DESCRIPTION OF THE TASK: From the listing below, output the lines between the one with "lang. Werbebanner visitenkarten" and the one with "마을을 빙 둘러 보다가 오랜만에 이불 등을 만들었던 목화꽃을 만났습니다.", including those two, and nothing else. Pictures are not copied.

SOURCE INFORMATION:
%%

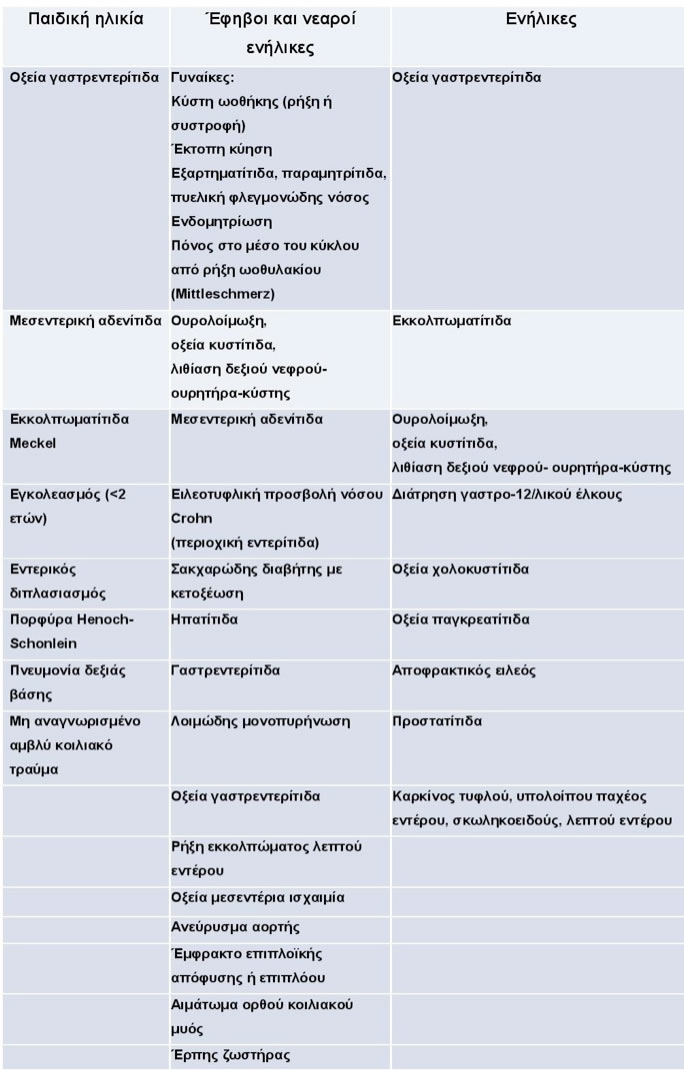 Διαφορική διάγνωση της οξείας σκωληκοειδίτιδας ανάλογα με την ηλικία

%%
%%

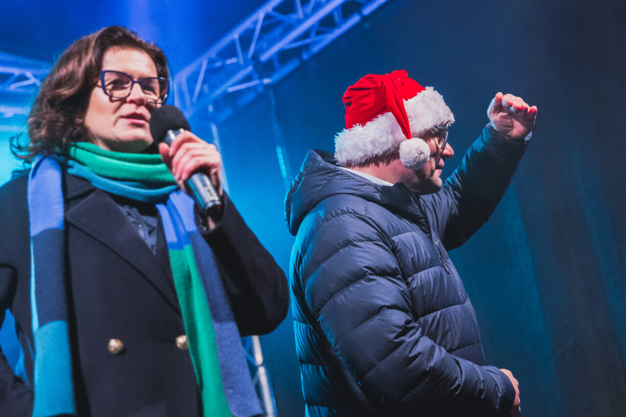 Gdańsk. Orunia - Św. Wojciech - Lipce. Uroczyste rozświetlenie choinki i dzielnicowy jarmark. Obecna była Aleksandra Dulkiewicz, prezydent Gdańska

%%
%%

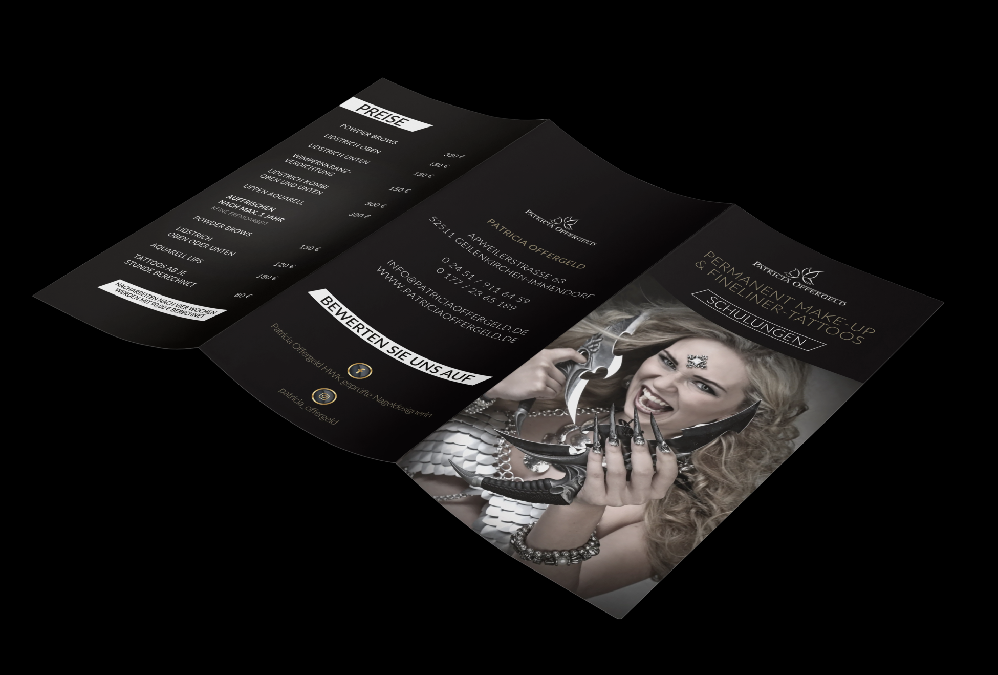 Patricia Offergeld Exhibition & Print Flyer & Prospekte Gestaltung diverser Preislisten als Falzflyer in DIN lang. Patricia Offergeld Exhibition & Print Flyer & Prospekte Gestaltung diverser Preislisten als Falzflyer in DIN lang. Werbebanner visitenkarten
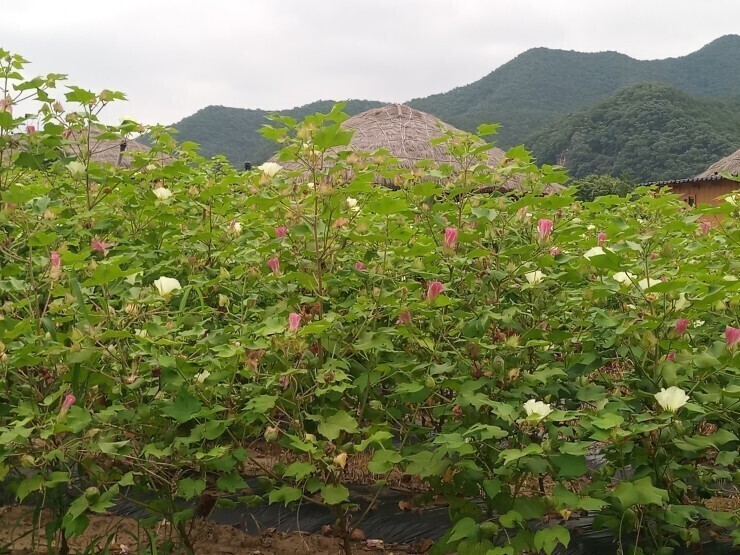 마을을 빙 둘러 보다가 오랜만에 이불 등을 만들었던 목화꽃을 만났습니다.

%%

TASK RESULT:
 Patricia Offergeld Exhibition & Print Flyer & Prospekte Gestaltung diverser Preislisten als Falzflyer in DIN lang. Patricia Offergeld Exhibition & Print Flyer & Prospekte Gestaltung diverser Preislisten als Falzflyer in DIN lang. Werbebanner visitenkarten
 마을을 빙 둘러 보다가 오랜만에 이불 등을 만들었던 목화꽃을 만났습니다.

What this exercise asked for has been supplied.